Apple cofounder Steve Wozniak was hospitalized after a ‘minor’ stroke that left him dizzy and unable to walk, by Bloomberg

BEFORE YOU GO

Torment Nexus apology. The science fiction and fantasy writer Charlie Stross has written a very entertaining rant in which he apologizes for his profession’s part in “the Silicon Valley oligarchy’s rise to power.” Riffing off that meme about the “Torment Nexus,” he provides a fascinating potted history of the literary-philosophical traditions that informed the SF that in turn influenced the likes of Elon Musk and Peter Thiel.

“American SF from the 1950s to the 1990s contains all the raw ingredients of what has been identified as the Californian ideology,” Stross writes. “It’s rooted in uncritical technological boosterism and the desire to get rich quick.” The current AI mania, he adds, is “bullshit.
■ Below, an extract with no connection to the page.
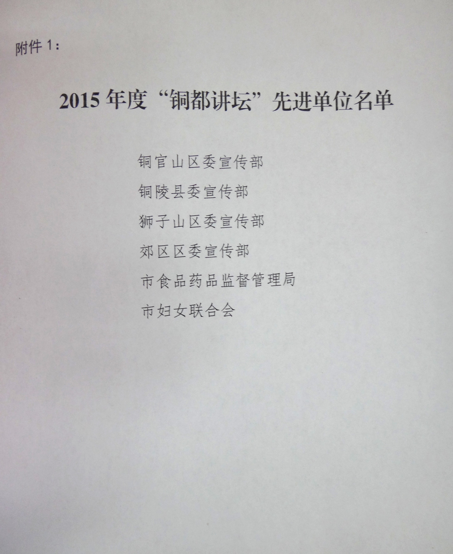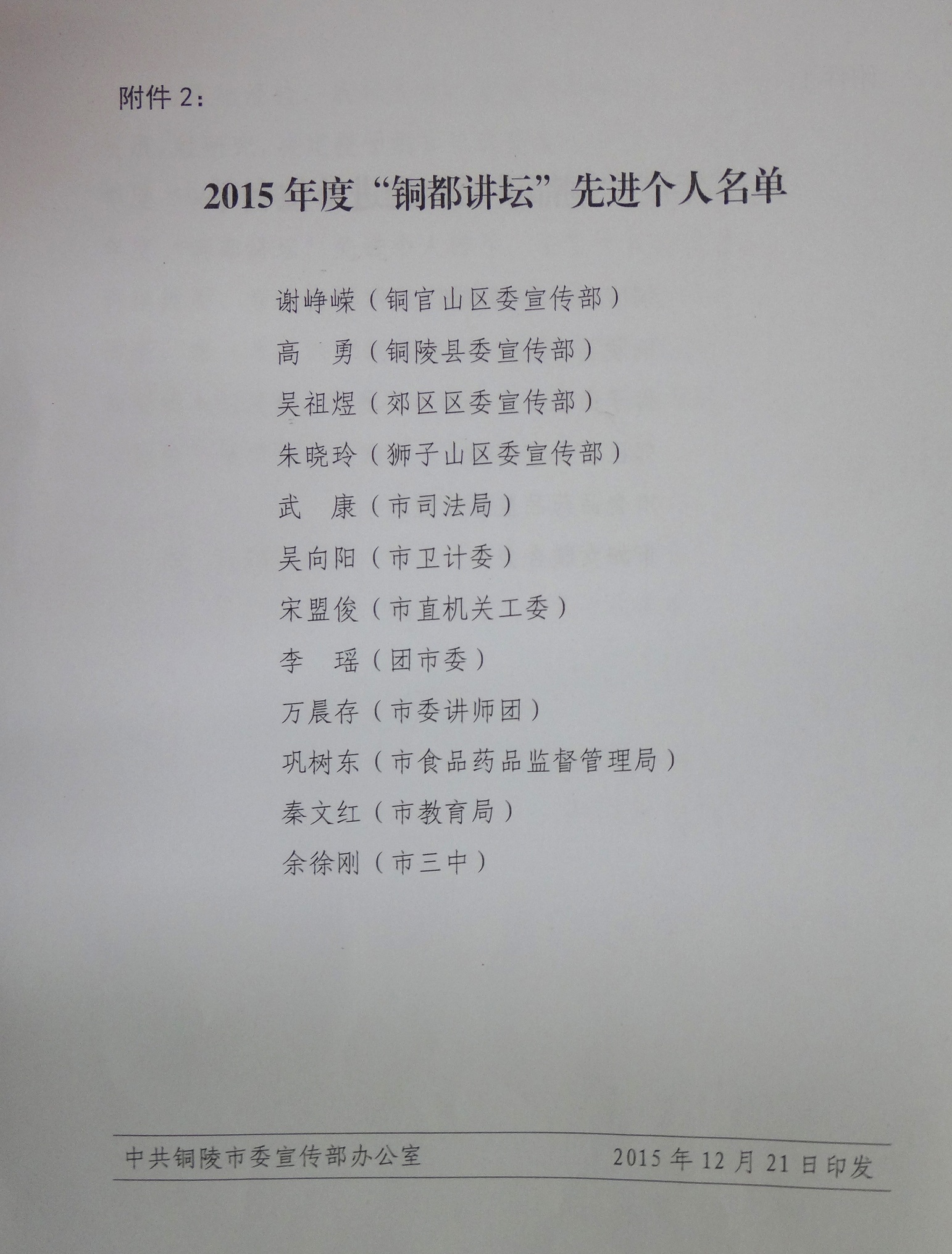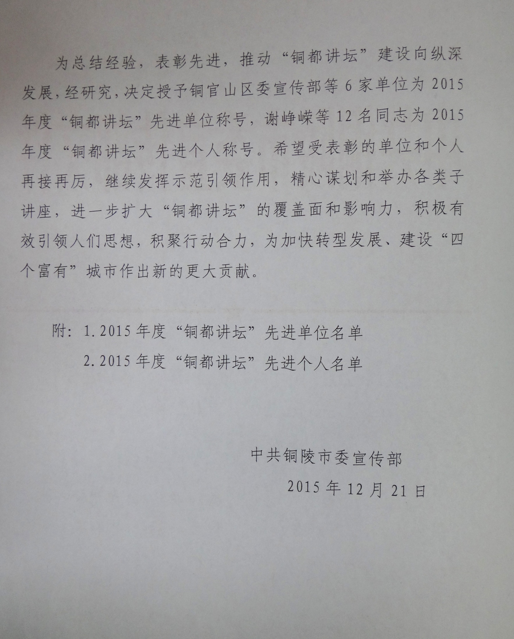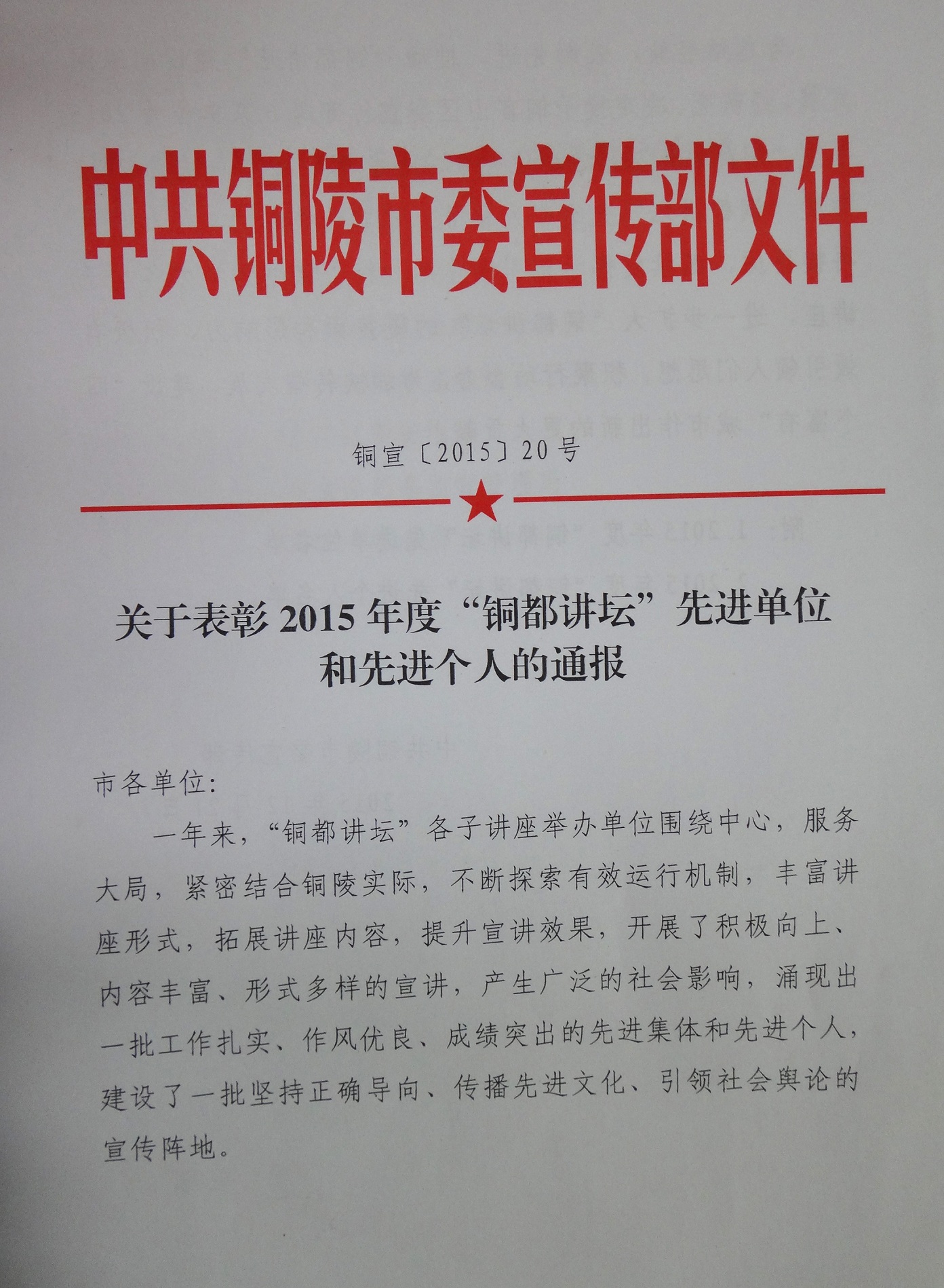 接市委宣传部文件,我校余徐刚老师因工作突出,获2015年度“铜都讲坛”先进个人表彰和现金奖励。此次教育系统有两人获“先进个人”奖励,另一位是教育局的秦文红。

There are very rich people trying to manipulate investment markets into giving them even more money, using shadow puppets they dreamed up on the basis of half-remembered fictions they read in their teens.”

Whether or not you agree with it, the piece is a thought-provoking counterpoint to Marc Andreessen’s recent ode to accelerationism—a creed that Stross derides as “the right wing’s version of Trotskyism, the idea that we need to bring on a cultural crisis as fast as possible in order to tear down the old and build a new post-apocalyptic future.”